The illumination device according to the invention further comprises a first optical arrangement which images the light source into the intermediate image plane as a real image. In other words, the first optical arrangement causes an optical imaging which generates a real image of the light source in the respective intermediate image plane. The illumination device further comprises a second optical arrangement which generates a predetermined light distribution from the real image in the intermediate image plane.

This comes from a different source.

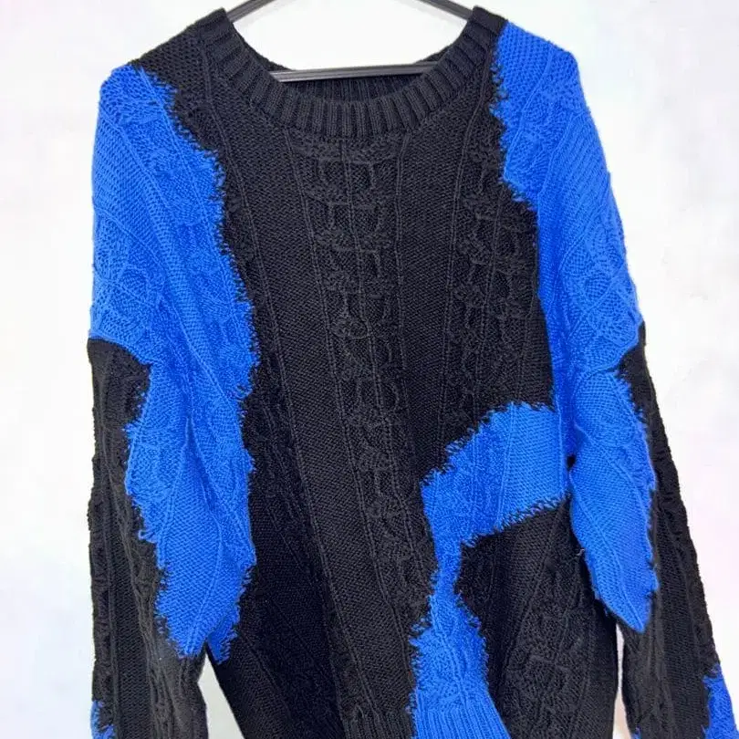 자동 번역되었어요. 원문보기블랙과 블루 색상의 케이블 짜임 디자인 오버 사이즈 니트.

The illumination device according to the invention is characterized in that a second conversion element is arranged at the position of the real image in the intermediate image plane for converting light of the first mixed color into light of the second mixed color. In other words, the second conversion element is spatially positioned in the intermediate image plane separately from the first conversion element and is thermally decoupled from the first conversion element. In this way, the heat generated by the light of the light source is distributed over the two conversion elements, which leads to a temperature reduction in the respective conversion element compared to the use of a single conversion element at the same incident light power and thus to an efficient and stable light conversion.

In a particularly preferred embodiment, the laser-based light source is a substantially point-shaped light source. In a particularly preferred embodiment, the maximum dimension of the punctiform light sources, viewed in top view, i.e. in the direction of the main light beam with the maximum light source intensity, is 500 μm or less, preferably 100 μm or less and particularly preferably 20 μm or less. Further, the emission surface of the point-like light source is preferably 0.5mm in plan view²Or less, in particular 0.01mm²Or less and particularly preferably 0.0002m²Or smaller. The punctiform light source comprises in particular a polygonal emission surface whose edge length is 500 μm or less and preferably 20 μm or less. The punctiform light sources with the above-mentioned dimensions are preferably designed such that they generate a luminous flux of 100Lm or more and in particular 200Lm or more and/or have a radiation power of 1 watt or more and/or at least 3 × 10⁸Cd/m²And especially 10⁹Cd/m²Or higher brightness. Such a point-like light source can only be realized by using the laser of a laser diode.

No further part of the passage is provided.